Böylece Türkiye’nin yakın tarihte savunma sanayiindeki başarılarına bir yenisi eklenmiştir. Türk havacılık tarihinin geçmişine bakıldığında bu başarı için uzun bir yol kat edildiği görülmektedir.
Vecihi Hürküş’ün ateşinin yaktığı, Nuri Demirağ’ın da belli bir seviyeye getirdiği yerli uçak projesi, en nihayetinde hayata geçirilmiştir.
Fakat bu gelişmenin yerel seçimlerin hemen öncesinde yaşanması, bir kesim tarafından başka noktalara çekilmiştir. KAAN’ın bir seçim yatırımı olduğu ve gündemi değiştirmek için ortaya atıldığı iddia edilmeye başlanmıştır.

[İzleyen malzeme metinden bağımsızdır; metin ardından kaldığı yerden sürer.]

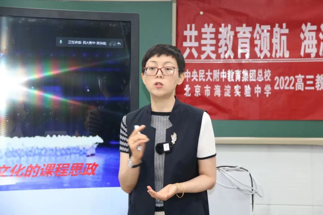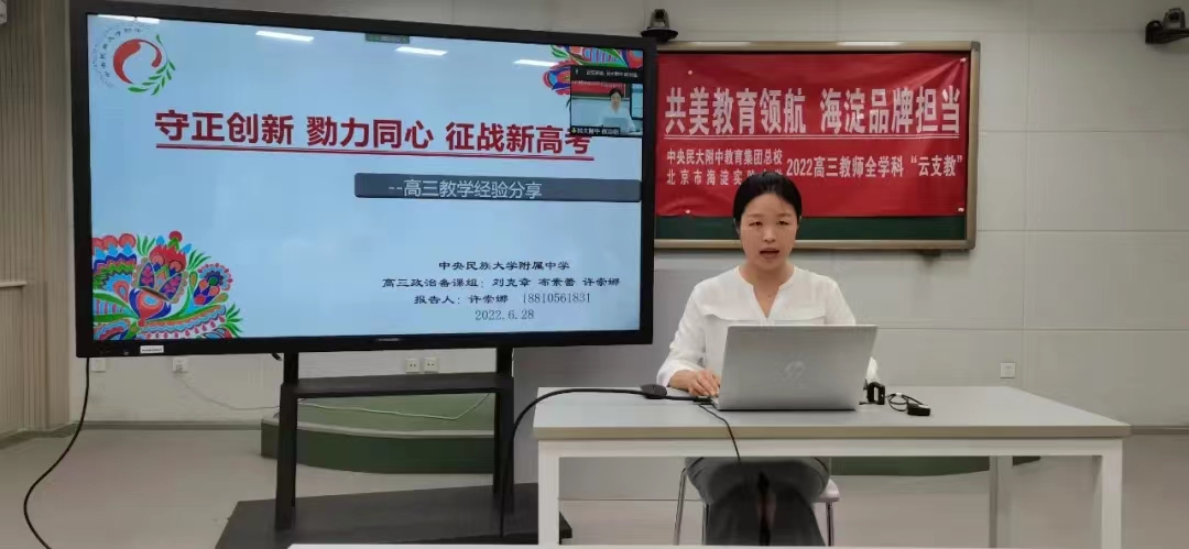 为持续深入践行“培养民族优秀人才,服务民族基础教育”的办学使命,william威廉中文官网附中教育集团党委精心部署、有序开展“云支教”活动。6月28日,由民大附中、海淀实验中学两校高三政治学科教师组成支教团队,在学科引领、课堂教学、学科融合等方面开展专题交流。

Ne gariptir ki aynı eleştiriler yerli ve milli otomobil TOGG için de veya Atak helikopteri için de, TCG Anadolu gemisi için de ifade edilmiştir. Burada şunu anlamamız gerekir ki Türk Savunma Sanayinde yaşanan olumlu gelişmeler esasen iktidarların başarısı gibi görünse de bu işten kârlı çıkan aslında Türk Milleti olmaktadır.
Zira bölgesinde güçlü ve caydırıcı bir orduya sahip olmanın ne kadar büyük anlamlar taşıdığını en iyi bilecek olan da yine aziz Türk Milletidir. 
1967’de Rumlar, Kıbrıs’ta yaşayan Türkler üzerindeki baskılarını iyice artırmışlar ve 15 Kasım 1967 tarihinde Grivas komutasındaki Rum birlikleri Geçitkale'ye saldırarak katliam gerçekleştirmişlerdir. Yapılan saldırılarda 20'den fazla Türk öldürülmüş çok sayıda soydaşımız da yaralanmıştır.
Türk Hükümeti, adaya askeri hareket için hazırlıklara başlamıştır. İşte tam da bu sırada Dışişleri Bakanı İhsan Sabri Çağlayangil ile Genelkurmay Başkanı Cemal Tural arasında tarihe geçen şu diyalog yaşanmıştır: 
Türk ordusunun silah kaynağı ABD’dir. ‘NATO, saldırı değil, savunma ittifakıdır’ diye bize çıkartma gemisi vermiyorlar. ‘Bunlar hücum silahıdır’ diyorlar. ...Elimizde tek çıkartma gemisi yok. İstanbul’dan araba vapurları, altı düz mavnalar getireceğiz. Erleri onlara bindireceğiz. Bu araçların Mersin’e gelmesi, hava şartlarına göre bir hafta veya on güne bağlıdır. Karar verildiğine göre hemen harekete geçeceğiz. Ordu emrinde helikopter yok ki işe derhal başlayalım. Topu topu yedi helikopterimiz var. Onların da ikisi yedek parça yokluğundan yatıyor, işlemiyor.
Görüldüğü üzere Türk Silahlı Kuvvetleri, Kıbrıs’a yapmayı tasarladığı askeri çıkarma için çaresizlikten İstanbul’daki arabalı vapurları kullanmayı tasarlıyor, helikopter dahi temin edilemiyordu. 
Fakat bu görüşmede asıl üzerinde durulması gereken nokta “Türk Ordusunun silah kaynağının NATO yani ABD olduğu” ifadesidir. Hal böyle olunca yani Türkiye kendi silahını dışarıdan almaya mahkûm kaldığında siyasi yönden de dışa bağımlı bir ülke durumuna gelmektedir. Neticede Türkiye, hemen burnunun ucundaki Kıbrıs’a askeri çıkarma yapamamıştır. 7 yıl sonra yapılan Kıbrıs Barış Harekâtı sonrasında da ağır ambargo ve yaptırımlarla karşılaşmıştır.
İşte bu gerçeklerden dolayı Türk Savunma Sanayiinde atılan adımları partiler üstü bir anlayışla karşılamak gerekmektedir. Yarın iktidarlar değiştiğinde de söz konusu kazanımların Türk Ordusunun hizmetinde kalacağı unutulmamalıdır.
Türk Milleti, ABD’den veya başka bir dış ülkeden silah satın almanın yeni “Johnson Mektubu” vakalarına sebep olacağını hatırında tutmalıdır. 
Bu konuda en güzel yaklaşım Merhum Necmettin Erbakan tarafından getirilmiştir. Zira "500 otobüs alacağımıza otobüs fabrikası kuralım" sözüyle Erbakan, her alanda milli ve yerli üretimin önemini ortaya koymuştur.